:: Working data ::
---

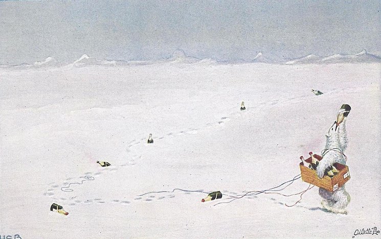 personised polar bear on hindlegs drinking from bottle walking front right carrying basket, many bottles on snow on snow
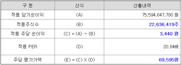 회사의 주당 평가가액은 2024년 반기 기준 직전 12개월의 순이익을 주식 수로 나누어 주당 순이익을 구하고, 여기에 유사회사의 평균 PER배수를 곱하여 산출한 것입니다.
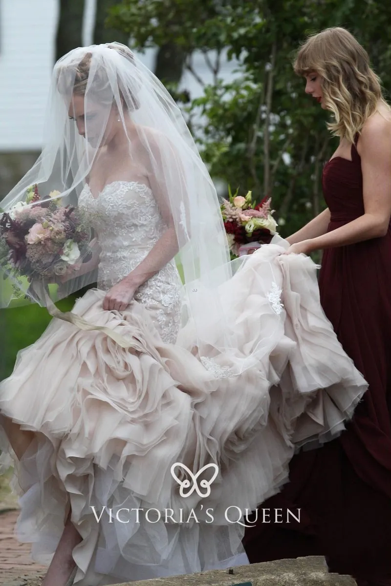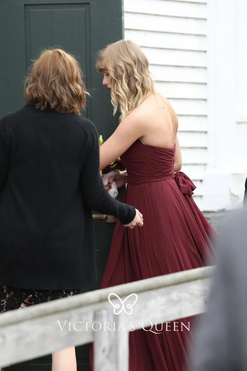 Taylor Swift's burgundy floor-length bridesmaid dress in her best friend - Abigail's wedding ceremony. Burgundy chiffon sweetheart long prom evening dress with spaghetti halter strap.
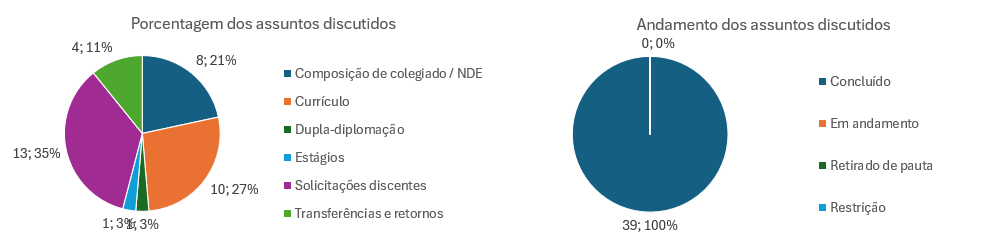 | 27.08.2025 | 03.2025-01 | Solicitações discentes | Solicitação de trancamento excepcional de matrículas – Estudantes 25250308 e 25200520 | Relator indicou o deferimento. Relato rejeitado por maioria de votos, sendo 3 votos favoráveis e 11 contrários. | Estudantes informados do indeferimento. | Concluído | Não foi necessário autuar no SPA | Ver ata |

---

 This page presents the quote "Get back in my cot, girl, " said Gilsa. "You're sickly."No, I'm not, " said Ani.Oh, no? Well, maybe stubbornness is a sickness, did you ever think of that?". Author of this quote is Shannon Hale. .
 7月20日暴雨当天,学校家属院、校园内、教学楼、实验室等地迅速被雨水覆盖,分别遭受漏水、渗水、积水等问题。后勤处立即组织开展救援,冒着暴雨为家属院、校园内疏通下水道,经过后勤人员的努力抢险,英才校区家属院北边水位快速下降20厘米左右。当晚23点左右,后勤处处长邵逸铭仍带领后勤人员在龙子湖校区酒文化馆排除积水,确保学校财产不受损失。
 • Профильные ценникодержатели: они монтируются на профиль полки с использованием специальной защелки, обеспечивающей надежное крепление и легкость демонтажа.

---

As the answer, set down only the lines from the data above between the one holding "7月20日暴雨当天,学校家属" and the one holding "и легкость демонтажа.", inclusive, exactly as they read.

 7月20日暴雨当天,学校家属院、校园内、教学楼、实验室等地迅速被雨水覆盖,分别遭受漏水、渗水、积水等问题。后勤处立即组织开展救援,冒着暴雨为家属院、校园内疏通下水道,经过后勤人员的努力抢险,英才校区家属院北边水位快速下降20厘米左右。当晚23点左右,后勤处处长邵逸铭仍带领后勤人员在龙子湖校区酒文化馆排除积水,确保学校财产不受损失。
 • Профильные ценникодержатели: они монтируются на профиль полки с использованием специальной защелки, обеспечивающей надежное крепление и легкость демонтажа.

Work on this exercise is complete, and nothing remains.